=== Task brief ===
Drop the pictures and repeat exactly from the "ภาพถ่าย 'Pale Blue" line down to the last line of the entries below.

=== The input ===
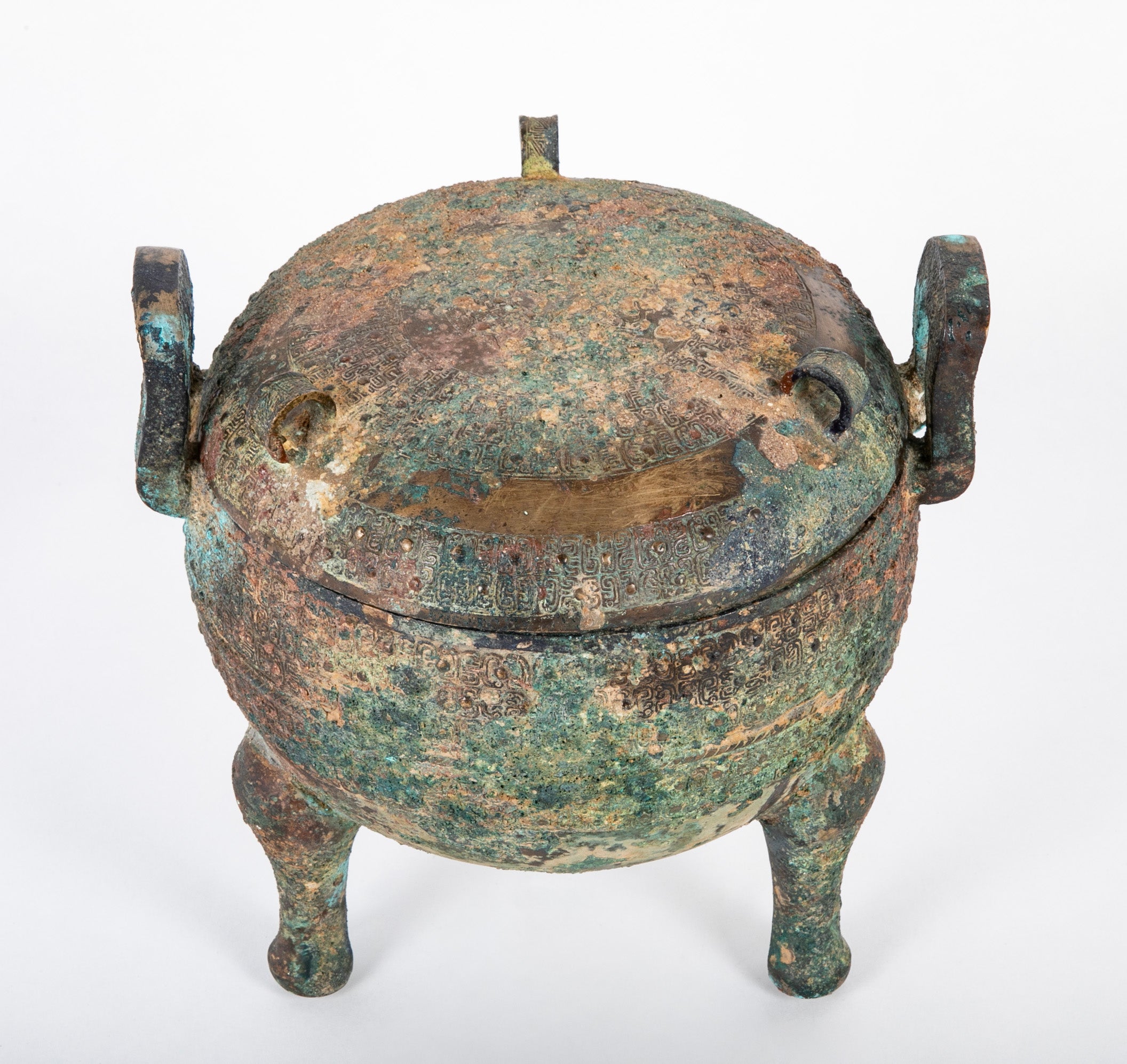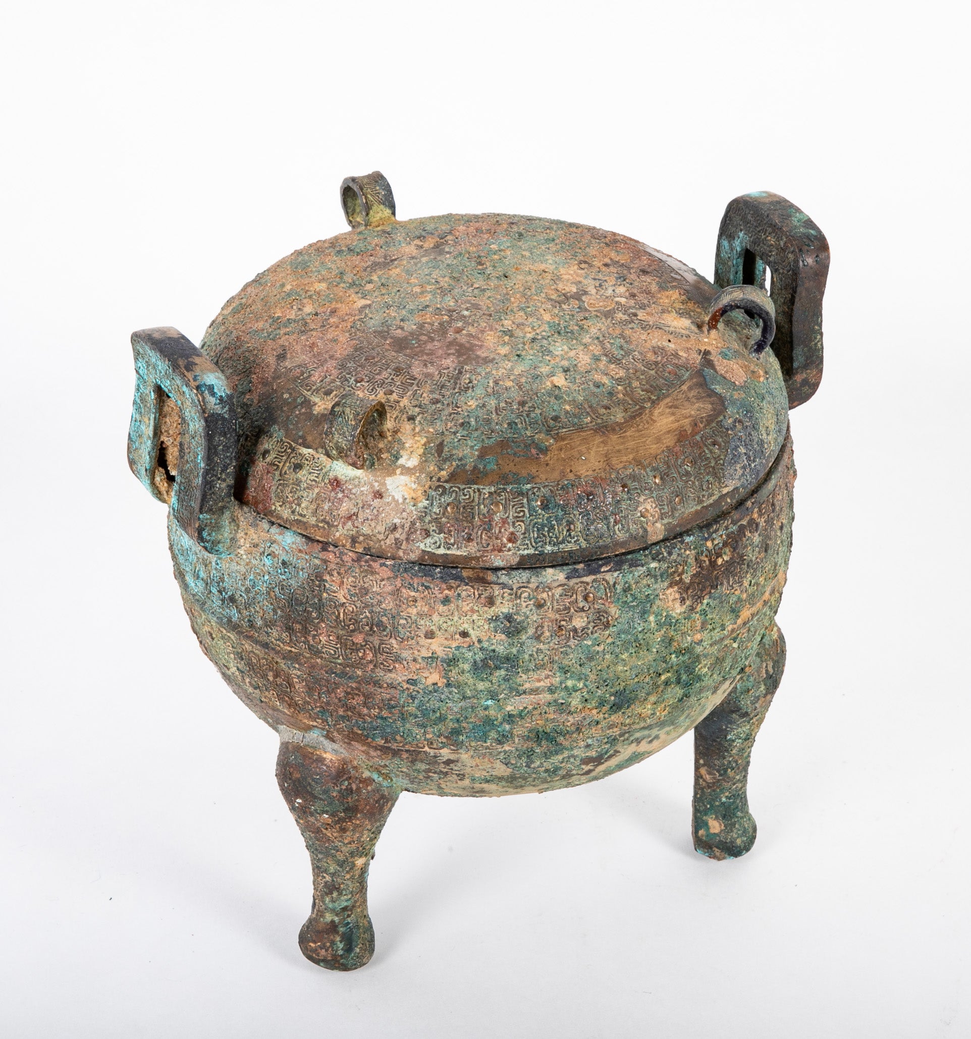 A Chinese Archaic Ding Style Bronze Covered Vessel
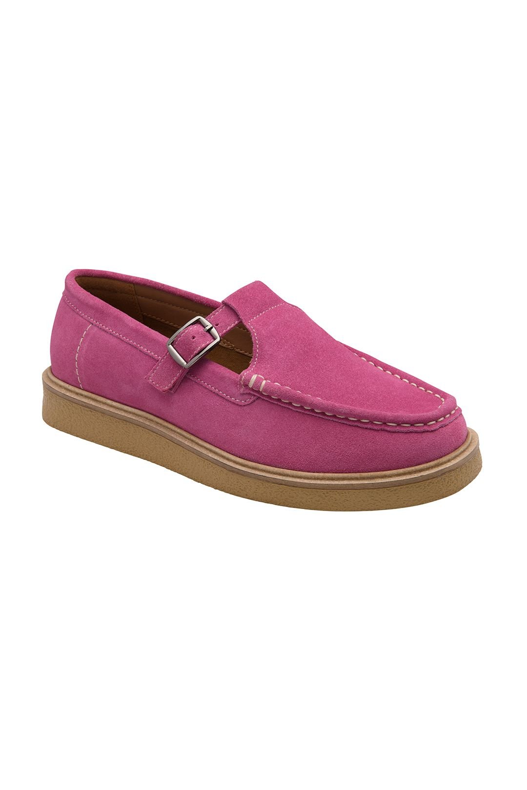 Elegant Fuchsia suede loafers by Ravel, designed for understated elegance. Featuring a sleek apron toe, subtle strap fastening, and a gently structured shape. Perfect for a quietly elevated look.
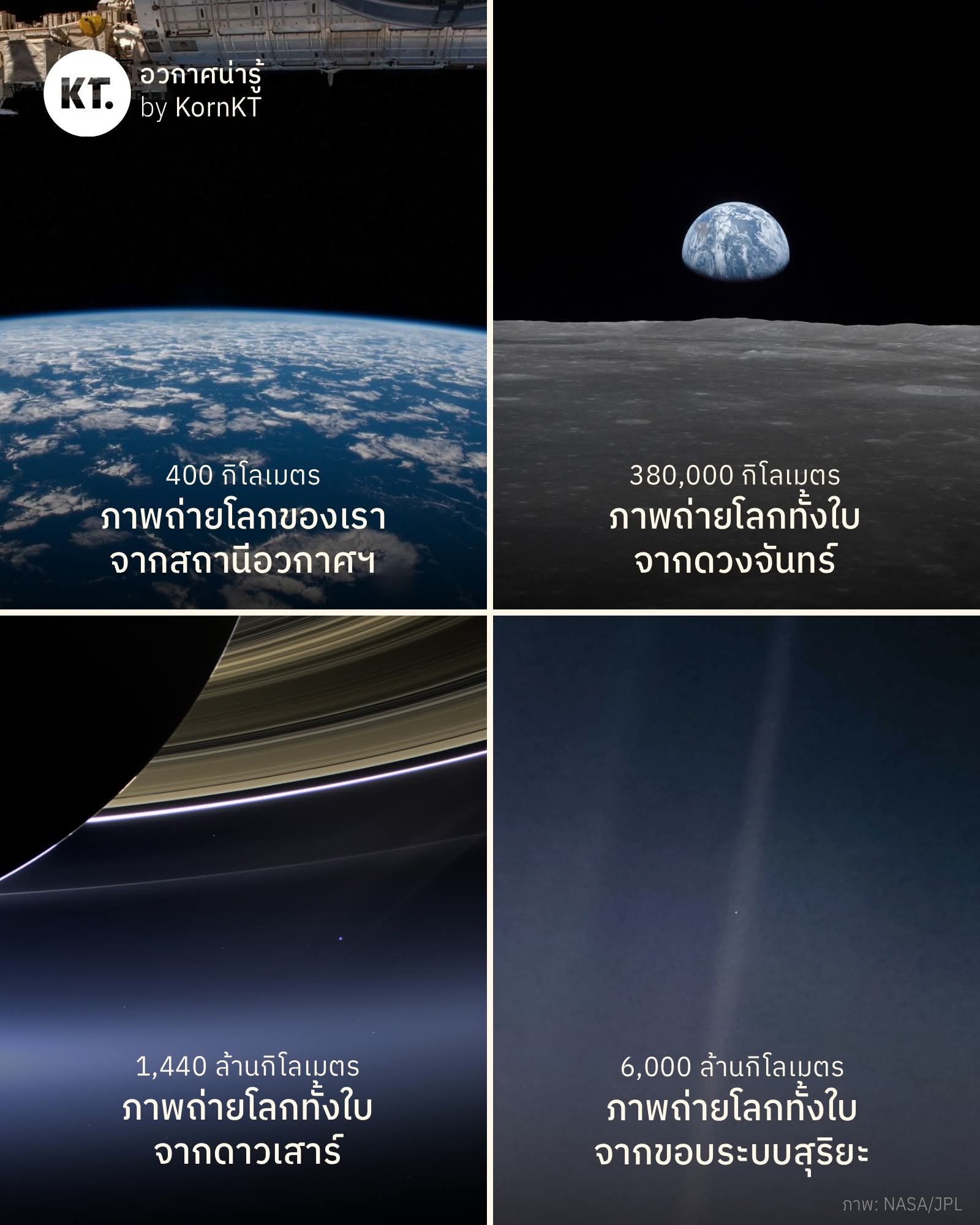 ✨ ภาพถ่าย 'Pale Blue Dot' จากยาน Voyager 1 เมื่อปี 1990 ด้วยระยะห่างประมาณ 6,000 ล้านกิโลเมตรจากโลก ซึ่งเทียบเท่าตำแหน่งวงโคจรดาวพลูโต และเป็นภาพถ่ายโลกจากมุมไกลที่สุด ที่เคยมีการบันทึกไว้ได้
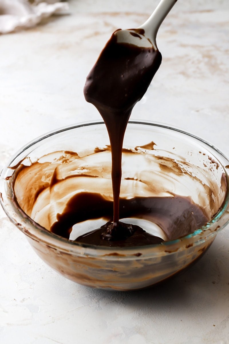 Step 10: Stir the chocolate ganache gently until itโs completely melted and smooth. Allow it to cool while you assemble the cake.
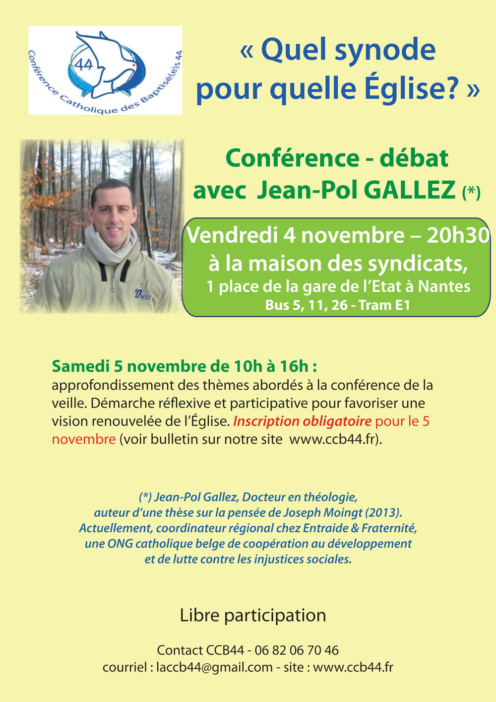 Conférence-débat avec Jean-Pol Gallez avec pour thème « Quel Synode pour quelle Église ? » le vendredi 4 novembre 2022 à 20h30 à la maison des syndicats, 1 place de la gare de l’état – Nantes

=== Result of this exercise ===
 ✨ ภาพถ่าย 'Pale Blue Dot' จากยาน Voyager 1 เมื่อปี 1990 ด้วยระยะห่างประมาณ 6,000 ล้านกิโลเมตรจากโลก ซึ่งเทียบเท่าตำแหน่งวงโคจรดาวพลูโต และเป็นภาพถ่ายโลกจากมุมไกลที่สุด ที่เคยมีการบันทึกไว้ได้
 Step 10: Stir the chocolate ganache gently until itโs completely melted and smooth. Allow it to cool while you assemble the cake.
 Conférence-débat avec Jean-Pol Gallez avec pour thème « Quel Synode pour quelle Église ? » le vendredi 4 novembre 2022 à 20h30 à la maison des syndicats, 1 place de la gare de l’état – Nantes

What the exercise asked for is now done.